Les infractions commises dans le cadre de PetroCaribe donneront nécessairement lieu à différents types de procès, selon Me Samuel Madistin. Une première catégorie relève de la compétence des tribunaux de droit commun tandis que la deuxième est du ressort de la Cour Supérieure des Comptes et du Contentieux Administratif, explique le président du Conseil d’Administration de la Fondasyon Je Klere.
Les infractions qui relèvent de la Cour Supérieure des Comptes et du Contentieux Administratif sont au nombre de quatre. Il s’agit de la concussion, le détournement de fonds publics, le vol et la malversation, précise Me Samuel Madistin. Après enquête, en cas d’un arrêt de débet, ce dernier est exécutoire immédiatement et n’est pas suspensif d’appel, révèle Me Madistin citant l’article 11 du décret de 2005 sur le fonctionnement de la CSC-CA.
Par dessus ces quatre infractions, l’ex-sénateur de l’Artibonite dévoile une cinquième qui est la « Faute de Gestion » qui relève de la compétence presqu’exclusive de la CSC-CA. Une fois cette faute administrative constatée par la cour, le tribunal administratif fixe les responsabilités pécuniaire et personnelle de l’ordonnateur et ou du comptable public.
Hormis ces cinq infractions qui relèvent de la Cour des Comptes, toutes les autres infractions comme l’enrichissement illicite, le pot de vin, l’abus de fonction, la surfacturation et la passation illégale de marché public, entre autres, sont du ressort de la justice, selon l’ancien député de l’Estère. Une fois ces infractions sont confirmées par la Cour, les autorités judiciaires doivent mettre l’action publique en mouvement contre les personnes fautives à savoir : le gel de leur fonds, leur arrestation et les mesures conservatoires, entre autres.

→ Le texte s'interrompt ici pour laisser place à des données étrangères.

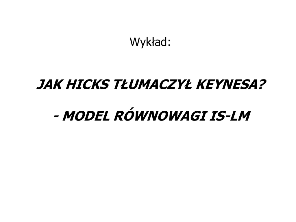 Wykład: JAK HICKS TŁUMACZYŁ KEYNESA? - MODEL RÓWNOWAGI IS-LM Stanley Fischer o modelu IS-LM Model IS-LM jest użyteczny z dwóch powodów. Po pierwsze jako narzędzie o znaczeniu historycznym, a po drugie, ponieważ jest to wciąż podstawowy model używany przez ludzi, aby rozumieć gospodarkę. (...) Nie sądzę, aby istniał lepszy model dający właściwe wyczucie procesów dostosowawczych w krótkich okresach. John Hicks (1904 - 1989) • „Mr Keynes and the Classics: A Suggested Interpretation” (1937) • „Value and Capital” (1939) • Nagroda Nobla (1972) Model IS - LM : podstawowe zmienne Y = C + I + G +X ZMIENNE ENDOGENICZNE (ustalane w modelu) C = a + b (1 - t) Y I = e - dR X = g - mY - nR MD = (kY - hR) P ZMIENNE EGZOGENICZNE (ustalane poza modelem) MS i G Konsumpcja a dochody dyspozycyjne, USA 1960–2008 Inwestycje, stopa % i rentowność projektów inwestycyjnych Algebraiczne wyprowadzenie krzywej IS 1) Y = C + I + G + X 2) C = 300 + 0,8 Yd 3) I = 200 - 1500 r 4) X = 100 - 0,04 Y - 500 r 5) MD = P ( 0,5 Y - 2000 r ) G = 200 t = 0,2 MS = 550 P=1 IS: Y = 300 + 0,8(1 - 0,2)Y + 200 - 1500r + 200 +100 - 0,04Y - 500r IS: Y = 2000 - 5000 r Wyprowadzenie krzywej IS 2 AD 1 AD1 E1 E0 AD0 Y r 1 2 Krzywa IS r0 IS r1 Y Y0 Y1 Algebraiczne wyprowadzenie krzywej LM 1) Y = C + I + G + X G = 200 2) C = 300 + 0,8 Yd t = 0,2 3) I = 200 - 1500 r 4) X = 100 - 0,04 Y - 500 r 5) MD = P ( 0,5 Y - 2000 r ) LM: MS = MD LM: LM: MS = 550 P=1 550 = P ( 0,5 Y - 2000 r ) Y = 1100 + 4000 r Wyprowadzenie krzywej LM Krzywa LM Stopa procentowa MS r r 2 LM MD1 1 MD0 M0 Y0 M 1 Y1 2 Y Model równowagi makroekonomicznej: IS - LM Krzywa LM [obrazuje równowagę na rynku pieniężnym] Stopa procentowa r LM E0 Krzywa IS [obrazuje równowagę na rynku dóbr i usług] r0 IS Y0 Y Dochód narodowy Model IS - LM: wpływ ekspansywnej polityki budżetowej na gospodarkę Krzywa LM Stopa procentowa [obrazuje równowagę na rynku pieniężnym] r r1 LM E1 Krzywe IS E0 [obrazują równowagę na rynku dóbr i usług] r0 IS1 IS0 Y0 Y1 Y Dochód narodowy Wpływ ekspansywnej polityki fiskalnej na wzrost gospodarczy (OECD 1970-96) Wskaźnik Stopa wzrostu realnego GDP - przed zmianą polityki fiskalnej - w trakcie - po zmianie polityki fiskalnej Liczba epizodów Ekspansja fiskalna 2,57 % 1,12 % 2,00 % 38 Podstawowe wskaźniki ekonomiczne w USA w latach 1981-1987 Wskaźnik 1981 1982 1983 1984 1985 1986 1987 Stopa wzrostu GNP (%) 1,9 -2,5 3,6 6,8 3,4 2,8 3,4 Stopa bezrobocia (%) 7,5 9,5 9,5 7,4 7,1 6,9 6,1 Inflacja (CPI) (%) 10,3 6,2 3,2 4,3 3,6 1,9 3,6 Deficyt budżetowy (w mld $) 64 146 176 170 197 206 158 Saldo bilansu handl. (w mld $) -28 -36 -67 -113 -122 -146 -160 Model IS - LM: wpływ restrykcyjnej polityki budżetowej na gospodarkę Krzywa LM Stopa procentowa r r0 [obrazuje równowagę na rynku pieniężnym] LM E0 Krzywe IS E1 [obrazują równowagę na rynku dóbr i usług] r1 IS0 IS1 Y1 Y0 Y Dochód narodowy Wpływ restrykcyjnej polityki fiskalnej na wzrost gospodarczy (OECD 1970-96) Wskaźnik Stopa wzrostu realnego GDP - przed zmianą polityki fiskalnej - w trakcie - po zmianie polityki fiskalnej Liczba epizodów Restrykcje fiskalne 2,21 % 2,36 % 2,13 % 65 Stopa fiskalizmu a wzrost PKB Kraj Stopa fiskalizmu Średnioroczny wzrost PKB 1960 1996 zmiana 19601990- zmiana 65 96 Kraje, gdzie stopa fiskalizmu wzrosła nieznacznie USA 28,4 34,6 +6,2 4,4 2,2 -2,2 Irlandia 28,2 37,3 +9,7 4,1 5,9 +1,8 W. Brytania 32,2 43,7 +11,5 3,5 1,2 -2,3 Kraje o największym wzroście fiskalizmu Hiszpania 13,7 45,4 +31,7 8,5 1,8 -6,7 Grecja 17,4 49,4 +32,0 7,2 1,2 -6,0 Szwecja 31,0 66,1 +35,1 4,9 0,6 -4,3 Kraje OECD 27,0 48,0 +21,0 5,5 1,9 -3,6 Nachylenie krzywej LM a efektywność polityki fiskalnej Stopa procentowa LM0 r LM1 r2 IS2 r1 r0 IS1 IS0 Y0 Y1 Dochód narodowy Y2 Y Czynniki przesunięć krzywej IS 1. Zmiany autonomicznych wydatków konsumpcyjnych niepowiązane ze stopami procentowymi. 2. Zmiany wydatków inwestycyjnych niepowiązane ze stopami procentowymi. 3. Zmiany wydatków rządowych. 4. Zmiany podatków. 5. Zmiany eksportu netto niezwiązane ze stopami procentowymi. Model IS - LM: wpływ ekspansywnej polityki monetarnej na gospodarkę Krzywe LM Stopa procentowa [obrazują równowagę na rynku pieniężnym] r r0 r1 LM0 E0 E1 LM1 Krzywa IS [obrazuje równowagę na rynku dóbr i usług] IS Y0 Y1 Y Dochód narodowy Keynes o polityce monetarnej Dopóki istnieje bezrobocie, wzrost ilości pieniądza nie wywiera żadnego wpływu na ceny, a zatrudnienie powiększa się ściśle proporcjonalnie do każdego przyrostu efektywnego popytu wywołanego przez wzrost ilości pieniądza. (...) Skoro zaś nastanie pełne zatrudnienie, ceny zmieniają się w tej samej proporcji co ilość pieniądza. Ekspansywna polityka monetarna a tempo wzrostu gospodarczego w USA w latach 1982-84 Wskaźnik 1981 1982 1983 1984 Tempo wzrostu nominalnej podaży pieniądza M1 Tempo wzrostu realnej podaży pieniądza M1 Tempo inflacji mierzone deflatorem PNB Tempo wzrostu gospodarczego 6,5 8,5 9,6 5,7 -3,2 2,1 6,0 2,0 9,7 6,4 3,9 3,7 1,9 -2,5 3,6 6,8 STOPA INFLACJI /CPI/ (w %) Wzrost podaży pieniądza a inflacja TEMPO WZROSTU M1 (w %) Model IS - LM: wpływ restrykcyjnej polityki monetarnej na gospodarkę Krzywe LM Stopa procentowa [obrazują równowagę na rynku pieniężnym] r r1 r0 LM1 LM0 E1 Krzywa IS E0 [obrazuje równowagę na rynku dóbr i usług] IS Y1 Y0 Y Dochód narodowy Restrykcyjna polityka monetarna a tempo wzrostu gospodarczego w USA w latach 1978-1982 Wskaźnik 1978 1979 1980 1981 1982 Tempo wzrostu nominalnej podaży pieniądza M1 Tempo wzrostu realnej podaży pieniądza M1 Tempo inflacji mierzone deflatorem PNB Tempo wzrostu gospodarczego 8,2 7,6 6,8 6,5 8,5 0,9 -1,3 -2,2 -3,2 2,1 7,3 8,9 9,0 9,7 6,4 5,3 2,5 -0,2 1,9 -2,5 Przesunięcia krzywej LM 1. Zmiany podaży pieniądza. 2. Autonomiczne zmiany popytu na pieniądz. 3. Zmiany ogólnego poziomu cen [wzrost P działa jak restrykcyjna polityka monetarna – zmniejszają się realne zasoby pieni

Le président du Conseil d’Administration de la FJKL se veut optimiste quant à l’organisation du procès PetroCaribe tout en tenant compte des obstacles majeurs au procès. Le procès devra se faire à deux niveaux, selon l’homme de loi qui préconise premièrement ce qu’il appelle, « Le grand procès PetroCaribe » et un procès au cas par cas. Le premier concerne l’étendu du dossier PetroCaribe tandis le second impliquera les personnes contre lesquelles des arrêts de débets ont été émis par la CSC-CA. Il pense que le pays pourrait décoller économiquement si le procès se réalise comme il se doit en vue de la restitution des fonds dilapidés assortis de pénalités.